**Your task**
For each record that follows, give it back exactly, with no pictures included.

**Listed records**
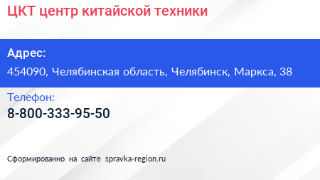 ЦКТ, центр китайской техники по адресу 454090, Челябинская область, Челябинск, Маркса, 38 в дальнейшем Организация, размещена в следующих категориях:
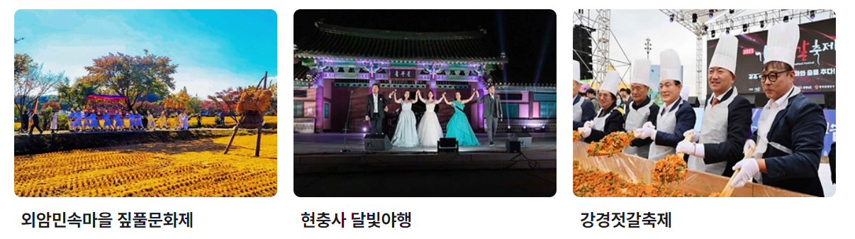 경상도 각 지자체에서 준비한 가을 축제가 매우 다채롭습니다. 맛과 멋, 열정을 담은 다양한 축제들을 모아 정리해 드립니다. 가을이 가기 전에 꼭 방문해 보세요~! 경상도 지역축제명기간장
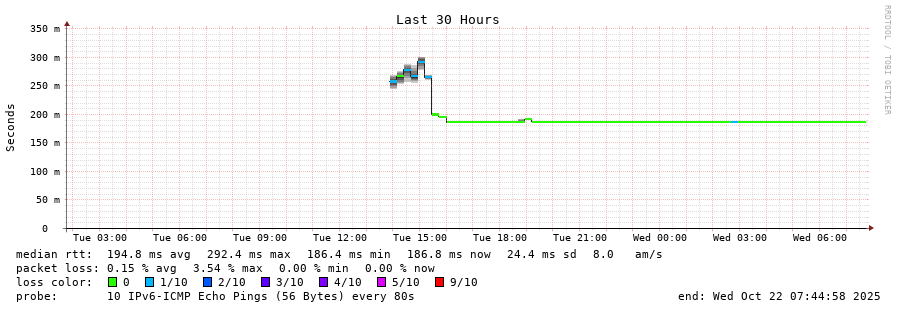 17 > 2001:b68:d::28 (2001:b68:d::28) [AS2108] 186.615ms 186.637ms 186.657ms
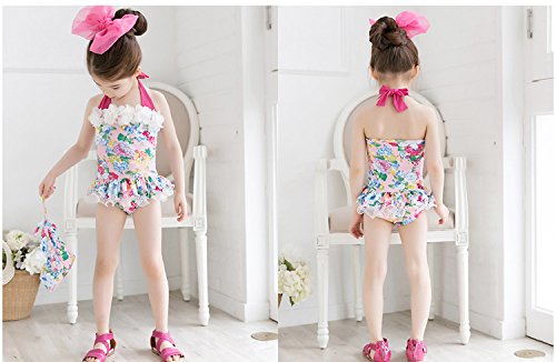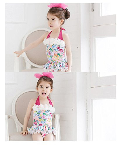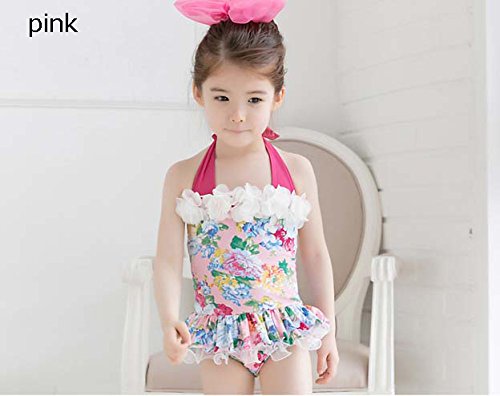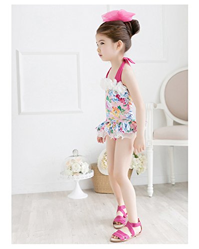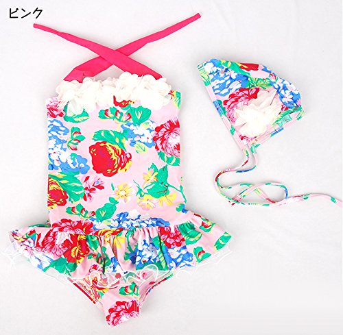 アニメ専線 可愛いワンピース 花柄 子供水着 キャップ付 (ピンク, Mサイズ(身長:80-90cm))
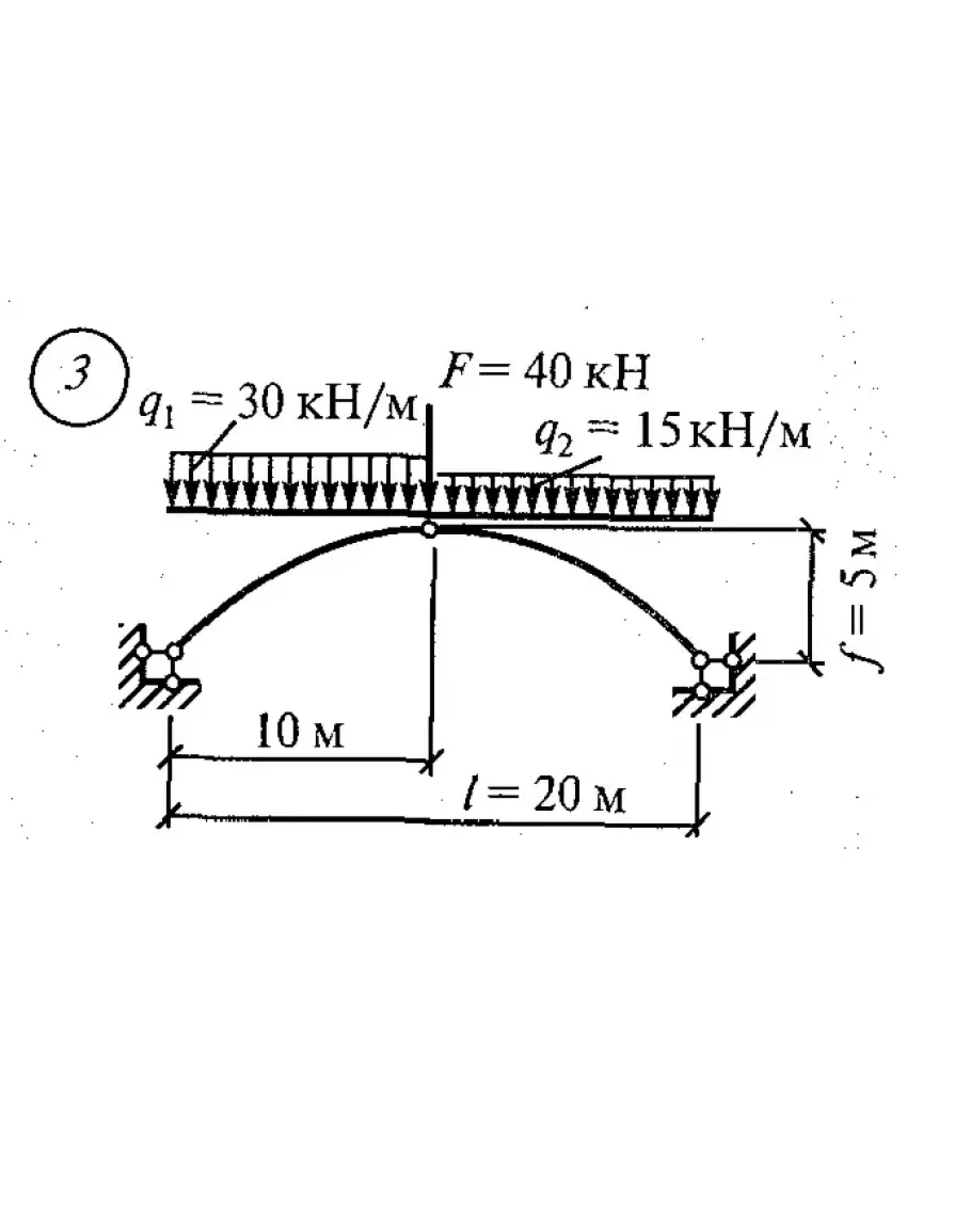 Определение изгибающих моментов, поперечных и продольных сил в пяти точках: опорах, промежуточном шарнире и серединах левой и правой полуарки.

**Written answer**
 ЦКТ, центр китайской техники по адресу 454090, Челябинская область, Челябинск, Маркса, 38 в дальнейшем Организация, размещена в следующих категориях:
 경상도 각 지자체에서 준비한 가을 축제가 매우 다채롭습니다. 맛과 멋, 열정을 담은 다양한 축제들을 모아 정리해 드립니다. 가을이 가기 전에 꼭 방문해 보세요~! 경상도 지역축제명기간장
 17 > 2001:b68:d::28 (2001:b68:d::28) [AS2108] 186.615ms 186.637ms 186.657ms
 アニメ専線 可愛いワンピース 花柄 子供水着 キャップ付 (ピンク, Mサイズ(身長:80-90cm))
 Определение изгибающих моментов, поперечных и продольных сил в пяти точках: опорах, промежуточном шарнире и серединах левой и правой полуарки.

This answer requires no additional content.